### Data provided
......
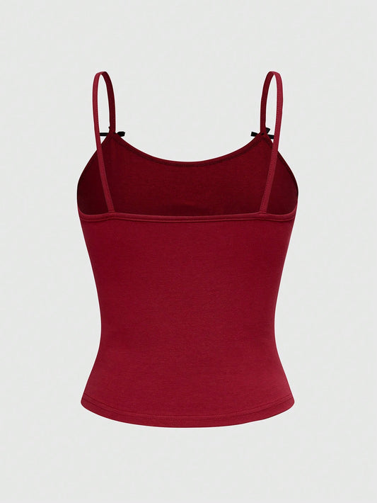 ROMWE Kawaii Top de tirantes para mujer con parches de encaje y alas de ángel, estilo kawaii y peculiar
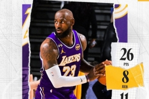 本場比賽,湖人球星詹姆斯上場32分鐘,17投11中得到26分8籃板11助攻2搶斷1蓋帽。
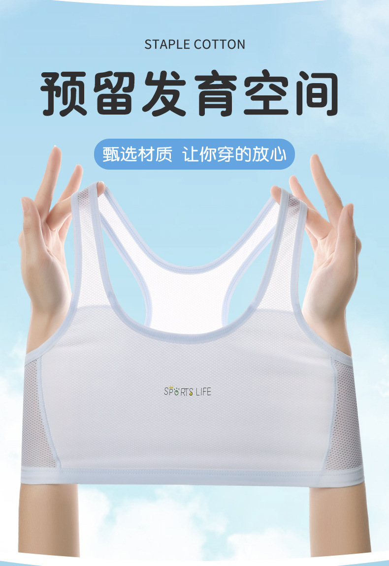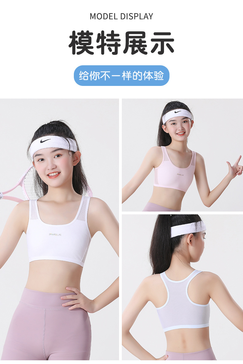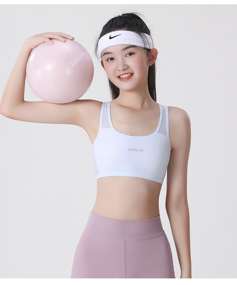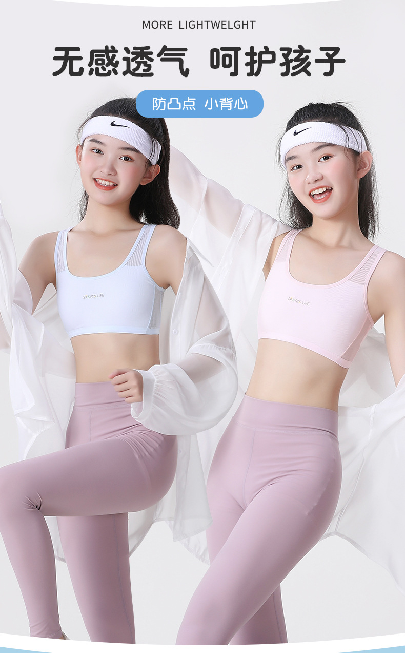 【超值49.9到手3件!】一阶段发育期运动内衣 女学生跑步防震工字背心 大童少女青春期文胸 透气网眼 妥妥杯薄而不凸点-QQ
......
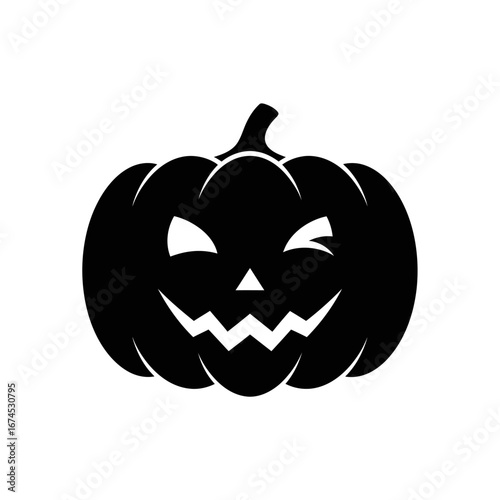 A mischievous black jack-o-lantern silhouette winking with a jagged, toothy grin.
......
### Prompt
Within the entries above, give again exactly the lines starting at the one that contains "本場比賽,湖人球星詹姆斯上場" and ending at the one that contains "大童少女青春期文胸 透气网眼 妥妥杯薄而不凸点-QQ", leaving out the pictures.

### Output for this task
 本場比賽,湖人球星詹姆斯上場32分鐘,17投11中得到26分8籃板11助攻2搶斷1蓋帽。
 【超值49.9到手3件!】一阶段发育期运动内衣 女学生跑步防震工字背心 大童少女青春期文胸 透气网眼 妥妥杯薄而不凸点-QQ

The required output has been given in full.